Additionally, the hyper-convergence and consolidation of workloads onto virtual machines demanded low latency for all storage.

All flash storage arrays offer a number of benefits to the modern data centre. First and most important is the high IOPS at low latency that only flash storage can offer.

Next, is a recent innovation: the high levels in density of modern flash devices allow these arrays to operate with nearly the same levels of storage density as an HDD-based array.

Another impact of density is that flash storage devices can operate in a more closely packed environment, offering higher physical density than HDDs.

This means with some arrays you can deploy a petabyte or more of storage in a single rack. Given the data centre footprint of traditional arrays (which are typically many racks) this is a significant improvement.

By significantly reducing data volumes, these technologies help companies save money by lowering their storage expenditures and protecting existing investments.
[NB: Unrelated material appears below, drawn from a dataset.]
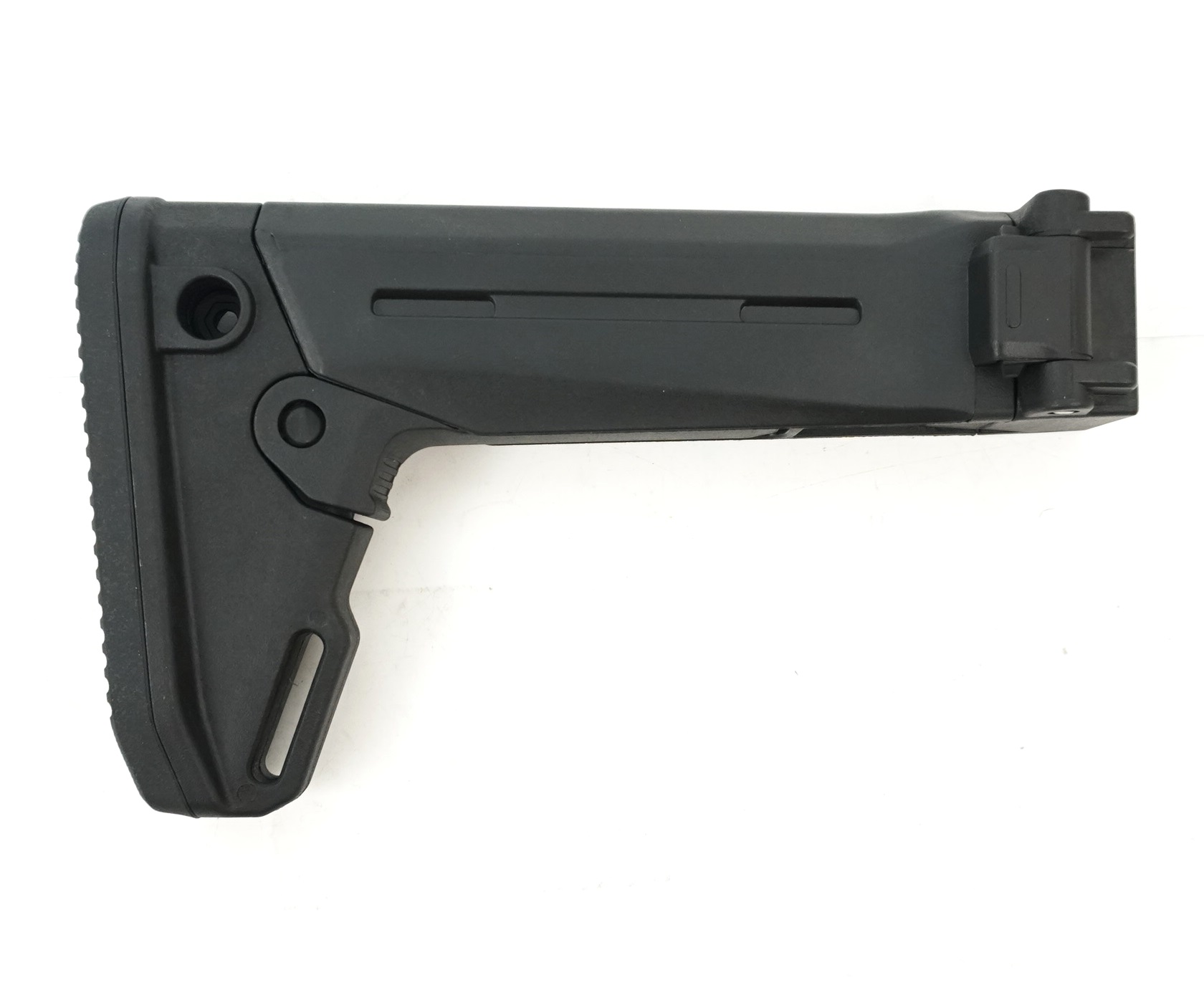 Приклад складывается вправо, есть возможность регулировки длины (5 позиций), присутствует крепление для быстросъемной (QD) антабки.

In addition, decreasing the number of storage arrays required in the data centre also leads to lower energy and cooling costs.

Inline Compression & Deduplication

One of the main benefits of many flash arrays is the use of inline compression and deduplication. This allows more data to be stored on a given a storage device.

It works in a multi-phase process of compression and deduplication where the data is first compressed and then deduplicated. By compressing the data first, the process leaves fewer bytes for the more computationally expensive deduplication process.

Compression For Density & Performance

Early computer users may have poor memories of compression, but when the HDD on your PC filled up, you had to compress folders to provide enough space. Suddenly your PC would grind to a halt.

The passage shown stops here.